Confusingly there are two projects called gin for Go - the other is a web framework. No, I don’t know why they share a name, but I can understand a love of gin 🍸. Luckily, in Go we specify the absolute URL of the package to import, so there’s no real risk of collision there beyond a little confusion.

With that in place, we’re ready to docker-compose up -d and then start coding.

Shortening a URL

So we’ll start by creating a main.go file and create an endpoint, to POST new URLs to be shortened to. We’ll also create a Redis connection now, which we’ll use in a mo.

package main

import (
    "fmt"
    "github.com/kataras/iris"
    "gopkg.in/redis.v4"
    "os"
)

// Open a connection to Redis
var redisStorage = redis.NewClient(&redis.Options{
    Addr: fmt.Sprintf(
        "%s:%s",
        os.Getenv("REDIS_HOST"), 
        os.Getenv("REDIS_PORT"),
    ),
})

// Custom `*iris.Context` struct to bind our functions to
type UrlAPI struct {
    *iris.Context
}

// Handler for Post route
func (u UrlAPI) Post() {
    url := u.FormValue("url")
    u.Write(url)
}

func main() {
    defer redisStorage.Close()

    iris.API("/", UrlAPI{})
    iris.Listen(fmt.Sprintf("0.0.0.0:%s", os.Getenv("IRIS_PORT")))
}

The iris.API() method binds a resource to REST-style endpoints, identified by the method names you specify. So here, the Post() method is bound to POST /.

The server should now echo back any url FormData value we send. Try it with curl -X POST -F 'url=http://google.com' http://localhost:3000 - or use Postman of course.

So, next up we want to save the URL to the Redis instance. We can achieve this quite easily by generating a new unique key with Redis’ INCR operator, and then save a key/value pair of this incremented number next to the URL.

This is definitely not the most efficient way of doing this, but it’s less code, as we defer key generation to Redis. In production applications, you might want to generate the key yourself. For this exercise, both Go and Redis are fast as hell anyway, so we won’t run into problems.

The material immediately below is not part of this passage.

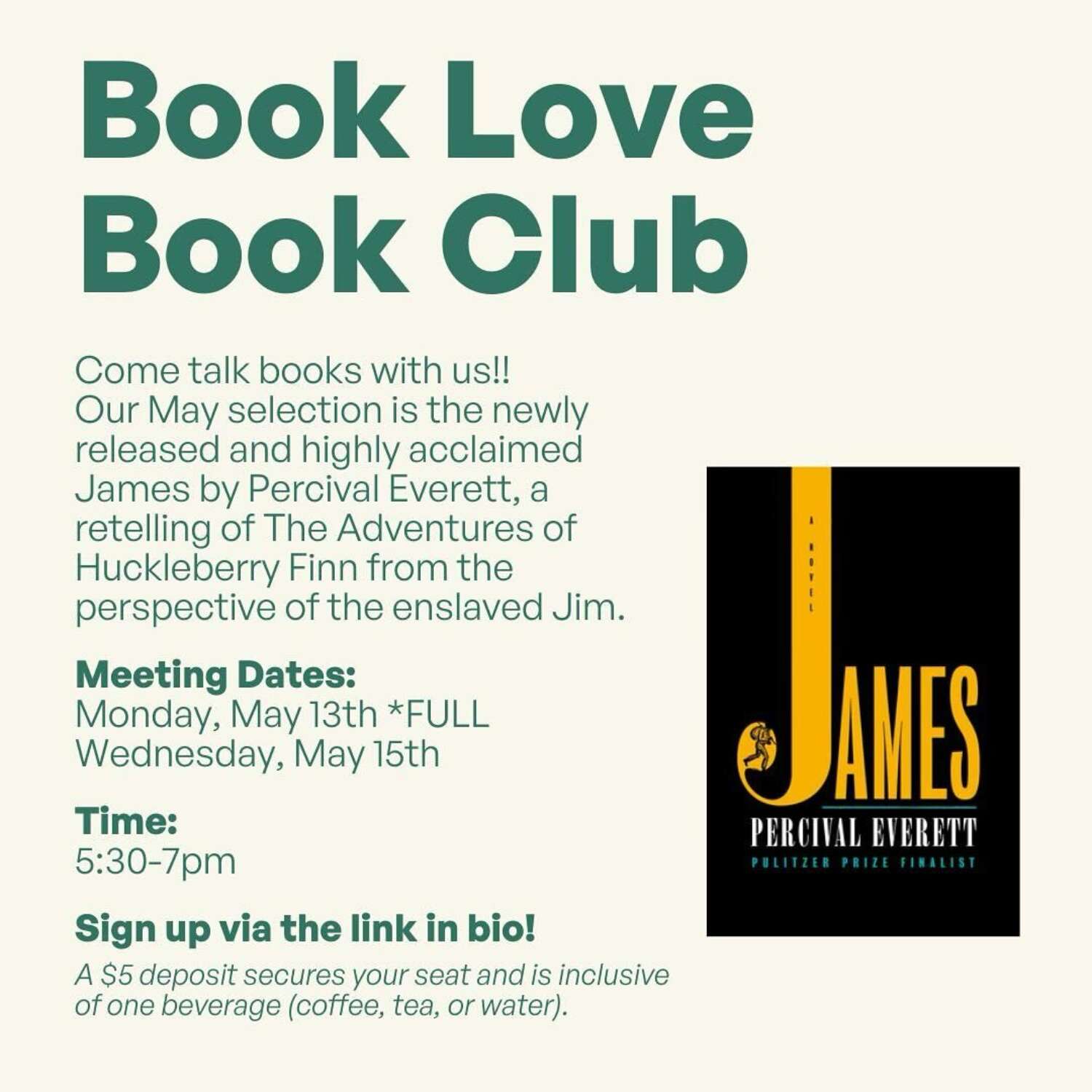 May Book Club selection is the newly released and highly acclaimed James by Percival Everett, a retelling of The Adventures of Huckleberry Finn from the perspective of the enslaved Jim.

So let’s delete that Post() endpoint, and replace it with the following two methods:

func getNextKey() int64 {
    // INCR in Redis
    err := redisStorage.Incr("key").Err()
    if err != nil {
        panic(err)
    }

    // GET the key we just INCR'd
    key, _ := redisStorage.Get("key").Int64()

    return key
}

func (u UrlAPI) Post() {
    url := u.FormValue("url")
    key := getNextKey()

    // SET { URL_<key>: url } in Redis
    err := redisStorage.Set(fmt.Sprintf("URL_%d", key), url, 0).Err()
    if err != nil {
        u.JSON(iris.StatusInternalServerError, iris.Map{
            "error": "Failed to save",
        })
    }

    // Respond with JSON
    u.JSON(iris.StatusCreated, iris.Map{
        "location": url,
        "key":      key,
    })
}

Now, making the same POST request again will return a number, which will be our shortened URL. So if we receive 15 back, then the shortened URL will be at http://localhost:3000/15. Let’s get that working.

Resolving a shortened URL

Our last task for this little API is to make a GET request to resolve a short URL into its long counterpart. This is pretty easy:

func (u UrlAPI) GetBy(id string) {
    // GET URL_<key> from Redis
    url, err := redisStorage.Get(fmt.Sprintf("URL_%s", id)).Result()

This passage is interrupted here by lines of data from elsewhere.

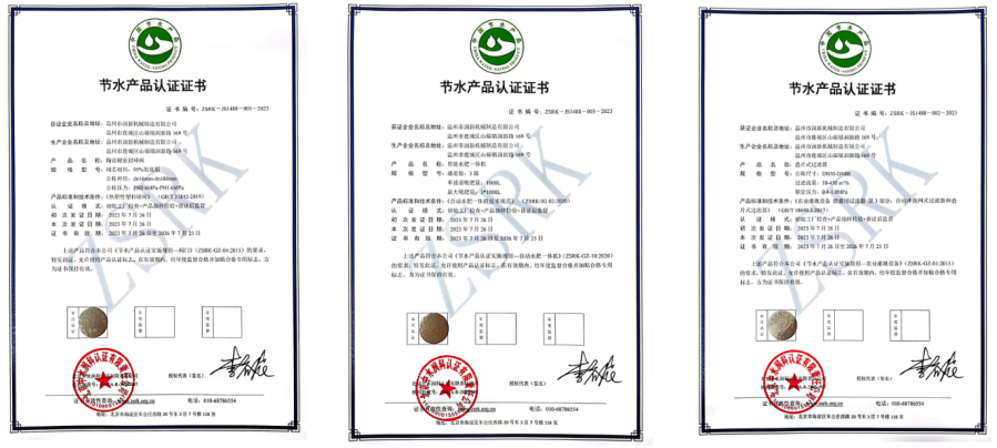 润新公司先后获评工信部专精特新重点“小巨人”企业、浙江省“隐形冠军”企业、浙江省绿色低碳工厂等荣誉称号。2023年7月,润新公司生产的陶瓷硬密性球阀、叠片式过滤器、智能水肥一体机成功获得节水产品认证证书。
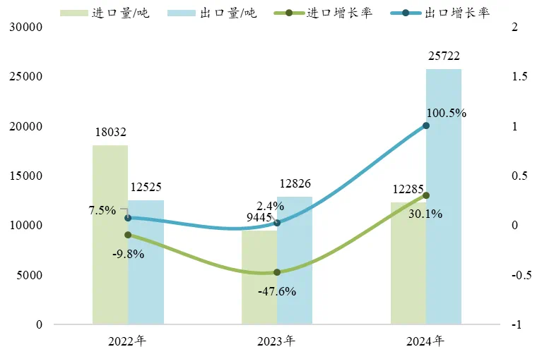 环氧树脂出口量迎来翻倍增长,出口增长率高达100.5%。
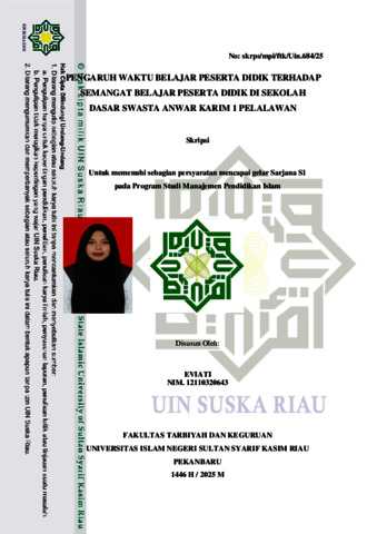 EVIATI, - (2025) PENGARUH WAKTU BELAJAR PESERTA DIDIK TERHADAP SEMANGAT BELAJAR PESERTA DIDIK DI SEKOLAH DASAR SWASTA ANWAR KARIM 1 PELALAWAN. Skripsi thesis, UNIVERSITAS ISLAM NEGERI SULTAN SYARIF KASIM RIAU.

    // 404 if that key doesn't exist in Redis
    if err != nil {
        u.JSON(iris.StatusNotFound, iris.Map{
            "error": fmt.Sprintf("Not found: %s", id),
        })
        return
    }

    // We could return with a redirect here, but I'm going to return JSON
    // so we can deal with the redirect from a hypothetical front-end.
    u.JSON(iris.StatusOK, iris.Map{
        "location": url,
    })
}

Now, follow our application flow to test it out: send the same POST request we sent earlier, then hit the ID you receive back with a GET request. You should see the details of the URL you posted.

Taking it further

I’m going to wrap this up here, but hopefully I’ve shown you how simple it is to get started with Go, and helped you dip a toe in yourself. The code for this is available on my Github if you want to take a look.

To take this to the next level, it would be cool to build a front-end on top of it. We can easily render a template with Iris and from there, it’s pretty simple to make the endpoint requests with AJAX.